Tırmanan gerginliği, alçakça tezgahlanan oyunları, her telden çalan provokasyonları görmezlikten gelip, “Düzelir, geçici ve münferit olaylar!” diye düşünerek umursamıyoruz.
Kardeş hiç acımadan kardeşin kanını döküyor…
“Kocasıdır, erkek arkadaşıdır, babasıdır… Sevgi kötü bir davranışı barındırmaz,” deyip umursamıyoruz.
Kadınlar bir bir öldürülüyor…
“Çalıyorlar, yağmalıyorlar, talan ediyorlar,” diyenlere dudak büküyoruz. “Kim gelirse çalar kardeşim!” diye düşünüp umursamıyoruz.
Ülkenin kaynakları hoyratça ve hızla eriyor…
Sırtımız sıvazlandıktan bir süre sonra, sıvazlayanlardan yediğimiz ani tokatın hırsıyla “Dört tarafımızda düşman, dört bir yanımıza puşt zulalanmış, bizim dostumuz yok abi!” diye günah çıkaranlara bakıp kalıyoruz, susuyoruz. “Ektiğini biçiyorsun!” bile demekten imtina edip, umursamıyoruz.
Koskoca Dünyada yalnızlaştıkça yalnızlaşıyoruz…
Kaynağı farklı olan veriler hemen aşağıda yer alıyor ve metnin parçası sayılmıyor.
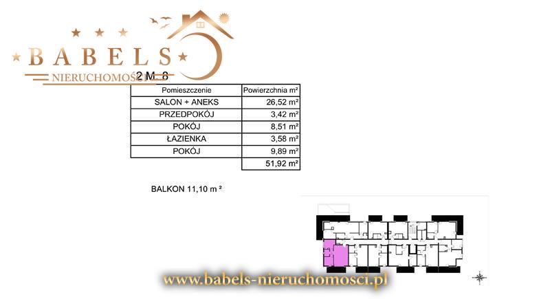 Mieszkanie w stanie deweloperskim, położone na II-piętrze w bloku - apartamentowcu z terminem ukończenia na wrzesień 2025r. Lokal składa się z ustawnego salonu z aneksem kuchennym i wyjściem na duży balkon o pow. 11,10 m2, sypialni, pokoju oraz łazienki z wc i przedpokoju. Mieszkanie rozkładowe i jednostronne z południowo - zachodnią wystawą okienną (2.M.8)
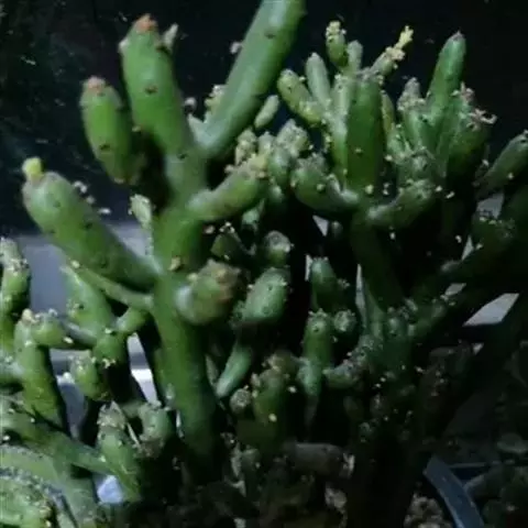灯美人是景天科的园艺品种,多肉植物。叶片近柱状,丛生,在日照时间长、温差大的环境下会呈现橙粉色。
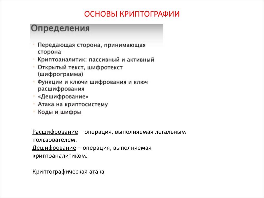 ОСНОВЫ КРИПТОГРАФИИРасшифрование – операция, выполняемая легальным
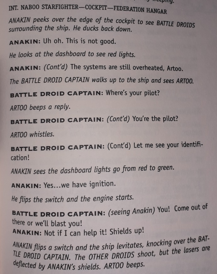 The shooting script also included a small bit of dialogue between Artoo and the battle droids as they approached Anakin’s N-1 starfighter.
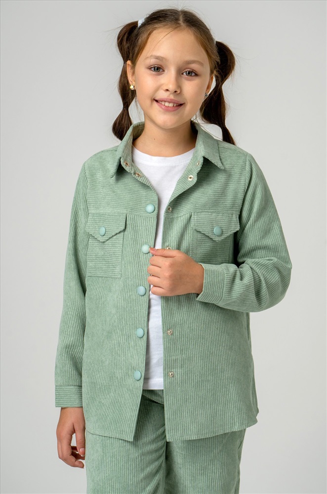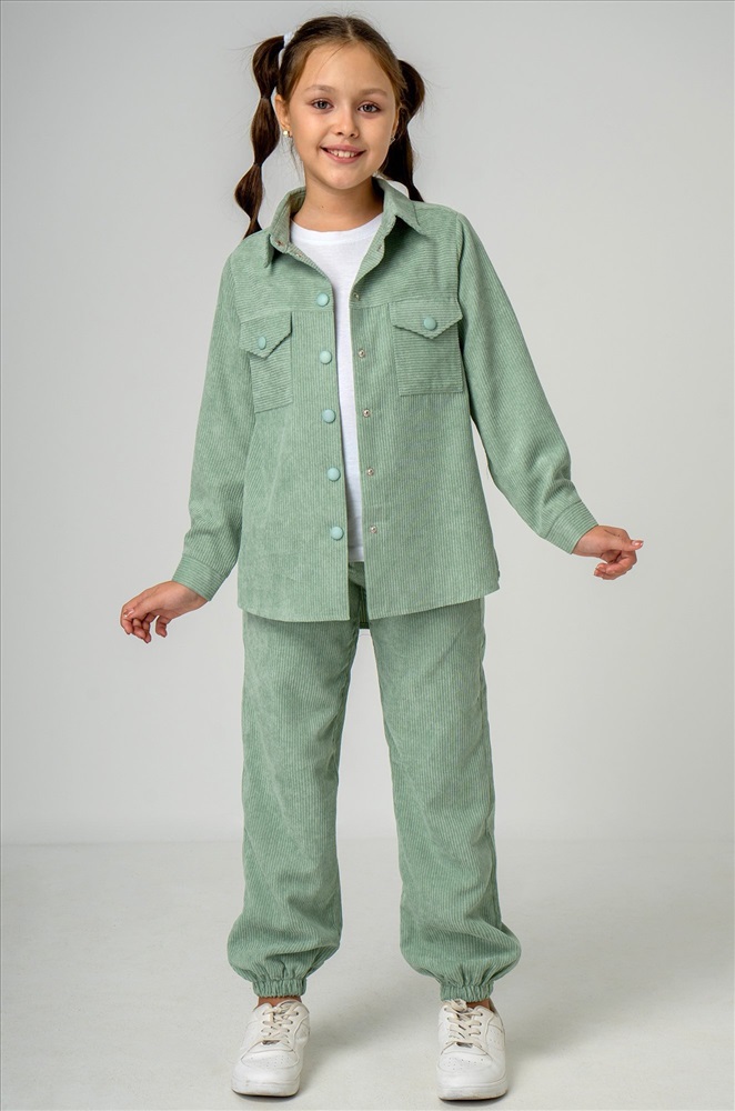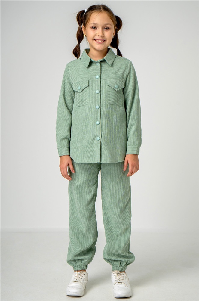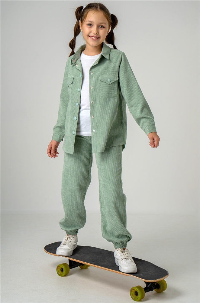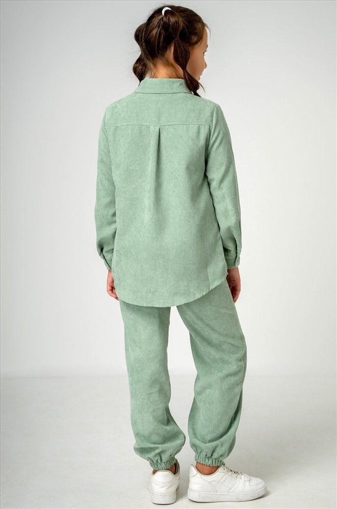 Вельветовый детский костюм с брюками — настоящий хит для девочек, которые любят стиль и комфорт! В наборе рубашка с отложным воротником и штаны с карманами.

Bir masum insan öldürüldüğünde… Bir kardeş bir kardeşin kanını döktüğünde… Etrafımızda hırsızları, sahtekarları, yalancıları, talancıları gördüğümüzde… Alınmayan önlemlerin, konuşulmayan ve sorgulanmayan gerçeklerin, göz göre göre gelen felaketlerin bizi ahmakça sarmasına hayret ediyoruz.
İnsanlar öldüğünde, özgürlükler yavaş yavaş yittiğinde, vatan ve vazgeçilmez diye dillendirilen tüm değerler hızla elden gittiğinde; şaşkın, ürkek, çaresiz hissetmenin hiç bir kaybı engellemediğini ya da geri getiremiyeceğini acı da olsa öğreniyoruz.
Sonra mı?
Başka bir yağmurun altında ahmakça ıslanmaya biteviye devam ediyoruz…
Güneşli ve pırıl pırıl bir hafta diliyorum.